Olivier Awards 2017 – London
Olivier Awards 2017 – London

Jackson said: “I think certainly if one looks at theatre and not just in this country, but contemporary dramatists don’t find women interesting enough to make them the central dramatic engine.”

Jackson, the winner of two best actress Academy Awards, said there have been changes in how women are treated in television but success is still viewed as “something remarkable”.

Speaking during a virtual discussion alongside her fellow Bafta TV award nominees Samantha Morton and Jodie Comer, Jackson said: “When a woman is successful she is deemed to be the exception that proves the rule. If a woman fails then it’s just par for the course.”

Jackson said all women face “particularly high barriers” but that for those in acting and the creative arts “those fences are still very high”.

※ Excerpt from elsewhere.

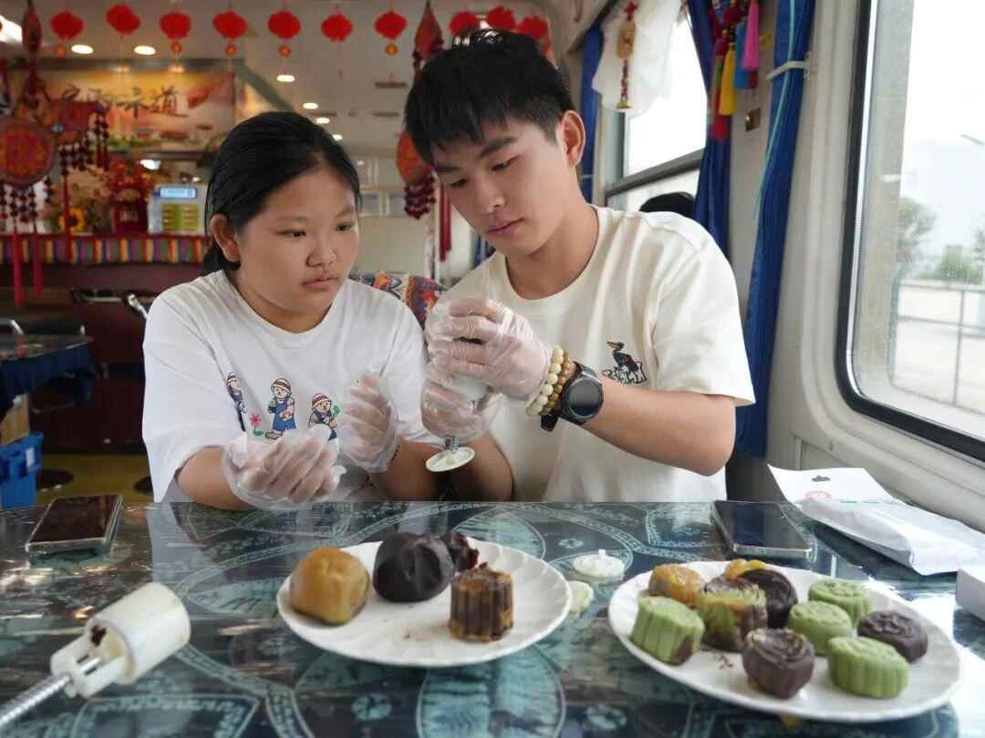 除了歌舞与灯谜,列车工作人员还精心准备了互动体验环节。旅客围坐在一起,亲手制作月饼、拼装手工灯笼。工作人员还为参与活动的旅客送上书签,大家提笔写下对家人的中秋祝愿,字里行间满是牵挂与祝福。活动尾声,身着汉服的列车工作人员端来一盘香甜的滇式月饼,邀请旅客品尝。

She added: “Those ceilings are still there and it’s ludicrous. It isn’t as though women can’t do it, it’s just that those who still, far too often, sit in the decision-making chair, still have to be persuaded in a way that would never occur to them, as far as a man was concerned.”

Jackson returned to TV for the first time in 27 years to star as an elderly grandmother struggling with dementia in the BBC’s small screen film Elizabeth Is Missing, an adaptation of a book of the same name.

Her heartrending performance earned rave reviews. Jackson, a Labour MP from 1992 to 2015, admitted she was worried about a return to TV after so long away.

Asked if spending more than two decades in politics had changed how she viewed the acting industry, Jackson said: “Good God, no. I mean the egos you see going up and down the corridors in Parliament wouldn’t be tolerated in a professional theatre or on a professional cinema stage for 30 seconds.”

– The Virgin Media Baftas will be broadcast on BBC One at 7pm on Friday July 31.